It’s packaging: the French ban on plastic packaging for fruits and vegetables begins | France
A law banning plastic packaging for a large number of fruits and vegetables goes into effect in France on New Year’s Day, to end what the government has called the “aberration” of overwrapped carrots, apples and bananas, such as environmental activists and exasperated buyers urge other countries to do the same.
Emmanuel Macron called the ban on plastic packaging for fresh produce a “real revolution” and said France was taking the lead globally with its law to phase out all single-use plastics by 2040.
Spain will ban plastic packaging for fruits and vegetables from 2023. For years, international activists have said unnecessary plastic packaging causes environmental damage and pollution at sea.
From New Year’s Day, France will ban supermarkets and other businesses from selling cucumbers wrapped in plastic and peppers, zucchini, eggplants and leeks in plastic wrappers. A total of 30 types of fruits and vegetables will be banned from plastic packaging, including bananas, pears, lemons, oranges and kiwis.
Packages over 1.5 kg will be exempt, as will chopped or processed fruit. Some varieties, including cherry tomatoes or red fruits like raspberries and blueberries, will have more time for growers to find alternatives to plastic, but plastic packaging will be phased out for all whole fruits and vegetables from here. 2026.
With around 37% of fruits and vegetables sold packaged in plastic packaging in France in 2021, the government estimates that the ban will reduce more than one billion single-use plastic packaging items per year. The Environment Ministry said there must be restrictions on the “outrageous amount of single-use plastic in our daily lives.”
Fruits and vegetables wrapped in plastic layers have infuriated consumers not only in France but in neighboring countries. Almost three-quarters of Britons have experienced “anxiety, frustration or despair” about the amount of plastic that comes with their purchases and 59% believe that supermarkets and brands are not doing enough to offer refillable, reusable or unpackaged products, according to a survey commissioned by Friends of the Earth and City to Sea in June.
An Ifop poll for the World Wildlife Fund (WWF) France in 2019 found that 85% of people were in favor of banning single-use plastic products and packaging. More than 2 million people have signed a WWF petition calling on global governments to end the plastic pollution crisis. In angry social media posts, shoppers complained about what they saw as absurd packaging, like coconuts in multiple layers of plastic or isolated bananas in individual plastic bags.
Moïra Tourneur, head of advocacy at the NGO Zero Waste France, said the French law was a “good and appropriate” decision, even though she questioned what she called the “surprising” list of fruits and exempt vegetables given a longer transition time of at least another year before going without plastic. These include Brussels sprouts, spring onions, green beans, broccoli, mushrooms, peaches and apricots, some of which are already sold in bulk in many stores. Tourneur said: “The ban is fair and appropriate… Giving more time for certain fruits and vegetables is a bit of a shame. There is a climate emergency. People are aware of the need for urgent action on this issue. .
WWF France, which has campaigned on the impact of plastics on biodiversity and marine life in the Mediterranean and across the oceans, said it was important to welcome the law as “a positive step in the right direction” , while reminding governments that there was more work to be done. be done to end plastic pollution, including on microplastics.
Pierre Cannet, its director of advocacy and campaigns, said the law sends a positive message and “puts plastics at the heart of the national debate”. He added: “We must remain humble and vigilant in saying that there is still a long way to go. We are still very far from a plastic-free economy, and from all the necessary steps to eradicate plastic pollution.

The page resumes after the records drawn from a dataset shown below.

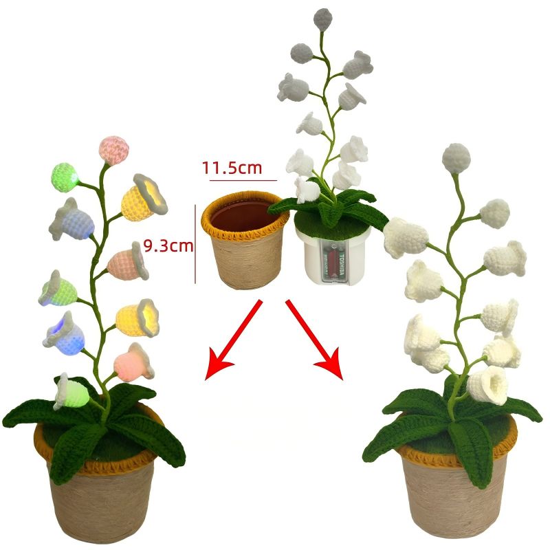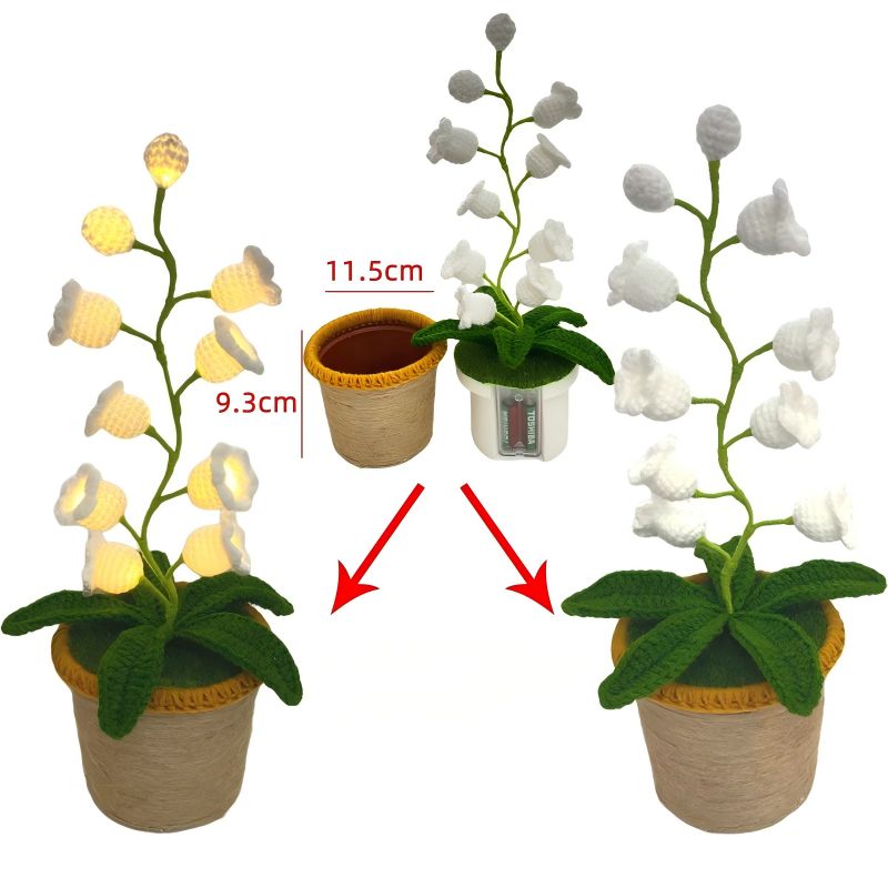HANDGJORT SKÖNHET – Ge ditt utrymme värme och elegans med Lily Glow Crochet Lamp, en vackert handgjord krukväxtlampa med delikat virkade liljor. Dess mjuka, omgivande sken skapar en mysig atmosfär perfekt för avkoppling eller som ett unikt inredningsinslag.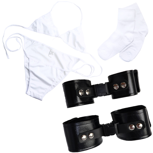 トップページ > SMグッズ・拘束具 > 枷・他(手足首・全身) > ggシリーズ 「カチッと手足」下着付きSMグッズ 〜ブラ・パンツ・ソックス付き〜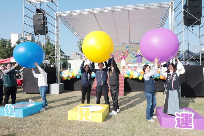 【記者黃石泉/台南報導】2025台南幼兒運動會首場活動,今(22)日在永華市政中心西側廣場熱鬧登場,共有67隊、955位小朋友及家長齊聚同樂。台南市長黃偉哲親自出席,並與大小朋友合作「大球傳遞」揭開序幕,現場歡笑聲不斷,他也鼓勵親子多培養運動習慣,在競賽中享受運動的樂趣。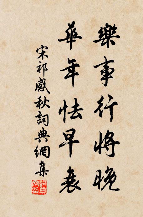 古詩文歷史字典書法欣賞書法字典國語詞典說文解字康熙字典古漢語字典樂事行將晚,華年怯早衰宋祁 《感秋》名句出處出自宋代宋祁的《感秋》全文:樂事行將晚,華年怯早衰。翻車壯士速,落葉長年悲。別燕風簾靜,驚烏月樹危。播精寧有用,皮骨極支離。名句書法欣賞樂事行將晚,華年怯早衰書法作品宋祁名句,感秋名句名句推薦歸來共棲集謝朓《夏始和劉潺陵詩》將雲帶月入東門毛滂《浣溪沙》平生江海意,惟共白鷗同劉長卿《禪智寺上方懷演和尚,寺即和尚所創》門回暮臨水,窗深朝對山白居易《和鄭元及第後秋歸洛下閒居( 同高侍郎下隔年及第)》小閣枕清流,一霎蓮塘雨蔡伸《卜運算元》北風夜捲地,凍雲曉黏天周麟之《辛酉大雪戲成二詩以千山鳥飛絕萬逕人蹤滅為》我將我享,相興乃登真宗《上欽成皇后冊寶六首》真座金毛師子,微放珠光白居易《行香子》瘦便藤杖細,涼覺葛衣輕趙師秀《秋色》林亭一出宿風塵,忘卻平津是要津白居易《宿裴相公興化池亭(兼蒙借船舫游泛)》君王在昔曾游幸,故老猶今述見聞釋文珦《洞霄宮》恰莫持千萬,明明買禍胎陸龜蒙《黃金二首》蒼蒼宰樹起寒煙,尚有威名海內傳劉禹錫《王思道碑堂下作》緬懷揖讓風,黃屋身如寄劉子翬《建康六感宋》霧縠霞綃,聞綺羅裁翦盧祖皋《錦園春三犯(賦牡丹)》詩詞推薦戴縣丞輓詞樓鑰〔宋代〕高士終為簿,豈惟勾小稽。鸞凰雖在棘,桃李自成蹊。官府資關決,儒流仰品題。定知餘慶遠,遺愛滿雙谿。雨後張嵲〔宋代〕一雨稻畦春水足,苦遭鳴蟈故相喧。不妨信馬東城路,行看林花落古原。月夜阻風,泊舟太湖石塘南頭四首楊萬里〔宋代〕過湖未得匹如閒,何幸湖心泊畫船。宇宙中間都是月,波濤外面更無天。誰知造物將奇觀,不與傖人付謫仙。管領賦得送賈島謫長江李洞〔唐代〕敲驢吟雪月,謫出國西門。行傍長江影,愁深汨水魂。筇攜過竹寺,琴典在花村。飢拾山松子,誰知賈傅孫。哭鄒德久二首用前韻張元乾〔宋代〕窮達那知十二宮,由來與世不相容。乃翁極諫牽龍袞,百謫同愁割劍峰。前輩品題推玉樹,平生憂患挺蒼松。傷心夜歸鹿門山歌 / 夜歸鹿門歌孟浩然〔唐代〕山寺鐘鳴晝已昏,漁梁渡頭爭渡喧。人隨沙路向江村,余亦乘舟歸鹿門。鹿門月照開煙樹,忽到龐公棲隱處。岩扉寄春曲楊維楨〔元代〕春從天上來,幾日到章台?憑語青青柳,飛花莫浪催。寄中山隱講師張憲〔元代〕問訊山中隱,中山第幾重?風廊巡夜虎,雲缽聽經龍。流水千溪月,寒岩一樹松。無因淨渣滓,來共上堂鍾。乳燕飛/賀新郎徐經孫〔宋代〕一雨炎□洗。似天知、溪山佳處,玳筵珠履。六十年前今朝慶,門左桑弧蓬矢。也似恁、郁蔥佳氣。綠鬢童顏春未陳正叔縣尉見示所著詩文以詩謝之孫應時〔宋代〕文章千古一毫端,妙處工夫到底難。春色無邊知造化,海風不斷識婆瀾。看君健筆凌霄漢,照我清窗醒肺肝。寶劍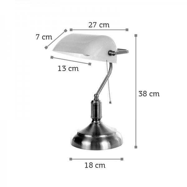 Πρόκειται για ένα οξυντέ μεταλλικό φωτιστικό συνδυασμένο με πράσινο γυαλί. Η σχεδίασή του το τοποθετεί σε κλασσικούς χώρους.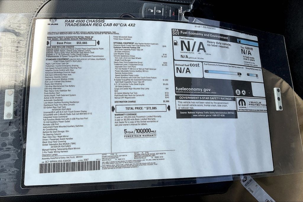 2025 Ram 4500HD Tradesman 2D Standard Cab Tradesman Diamond Black Crystal Pearlcoat RWD 8-Speed Automatic Cummins 6.7L I6 Turbodiesel 4500HD Tradesman, 2D Standard Cab, Cummins 6.7L I6 Turbodiesel, 8-Speed Automatic, RWD, Diamond Black Crystal Pearlcoat, Diesel Gray/Black Vinyl, 19.5 x 6.0 Steel Wheels, 4 Speakers, 4-Wheel Disc Brakes, 4G LTE Wi-Fi Hot Spot, ABS brakes, Air Conditioning, AM/FM radio: SiriusXM, Apple CarPlay, Apple CarPlay/Android Auto, Black Exterior Mirrors, Bright Front Bumper, Cargo & CHMSL Lamp, Center Hub, Chrome Appearance Group, Chrome Grille Surround, Cold Weather Group, Compass, Connectivity - US/Canada, Delay-off headlights, Dual rear wheels, Electronic Stability Control, Engine Block Heater, Exterior Mirrors Courtesy Lamps, Exterior Mirrors w/Heating Element, Exterior Mirrors w/Supplemental Signals, Front 1-Touch Down Power Windows, Front anti-roll bar, Front fog lights, Fully automatic headlights, GPS Antenna Input, Heavy Duty Front Suspension Group, Manual DPF Regeneration, Manual Folding Exterior Mirrors, Manual Telescoping Mirrors, Matte Black Mesh Grille w/Chrome, Mirror Power Heat Fold Telescope Black, Mirror Running Lights, MOPAR Winter Front Grille Cover, Occupant sensing airbag, Power Adjust Mirrors, Power-Adjustable Convex Aux Mirrors, Quick Order Package 25A Tradesman, Radio data system, Radio: Uconnect 5 w/8.4 Display, Rear Window Defroster, Remote Keyless Entry, Remote USB Port - Charge Only, Speed control, Speed Sensitive Power Locks, Tradesman Level 1 Equipment Group, Trailer Brake Control, Trailer Light Check, Upgraded Door Trim Panel, Voltmeter.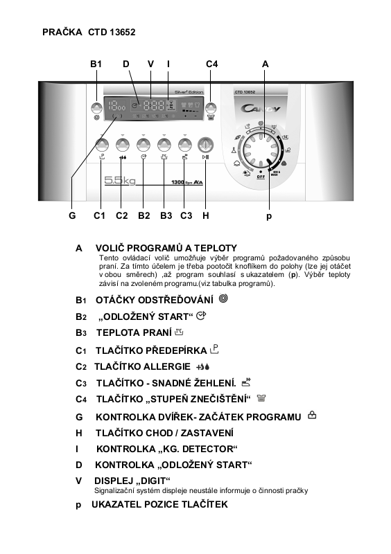 trvání cyklu programu a bude brát v úvahu množství vloženého prádla do bubnu (kontrolka I,,kg detector‘‘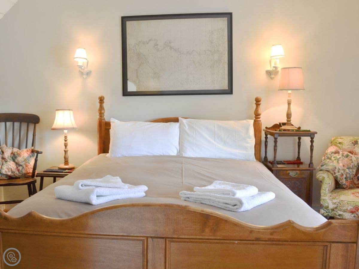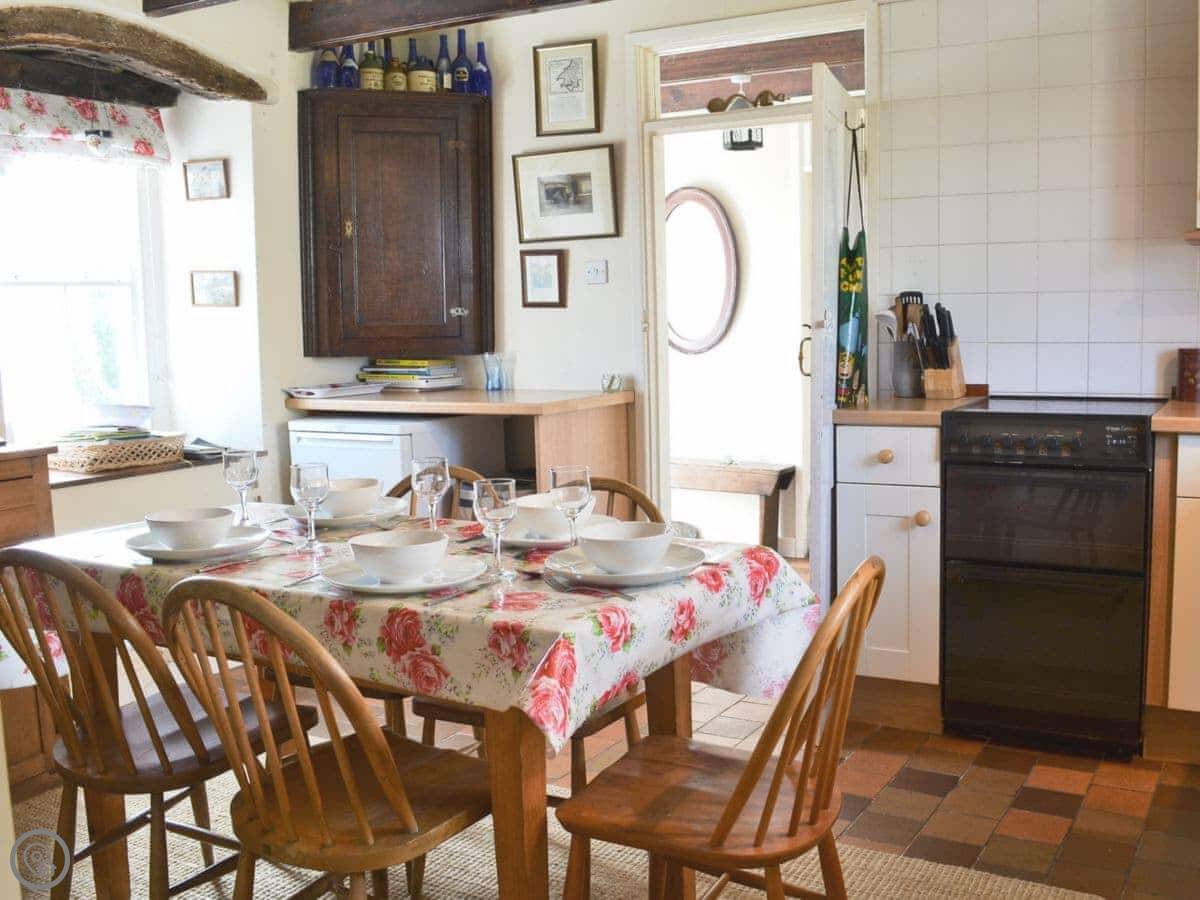 The cottage is old, from the 18th century. It used to belong to a ship captain. The stone walls and beams are original. There's a wood-burning stove for cooler evenings.

Camilla Zerr, Friends of the Earth plastics activist for England, Wales and Northern Ireland, said: “I think this is a very good approach and I strongly urge the UK United to do the same and not to fall behind. “
She said that in the UK fruits such as bananas or apples wrapped in plastic wrappers were sometimes cheaper than those sold in bulk, which was “very problematic”.
Zerr added: “It’s interesting that in the UK the main brands sell packaged fruit and veg, but in convenience stores you can find a lot of loose fruit and veg, which proves that it is. possible to do without plastic.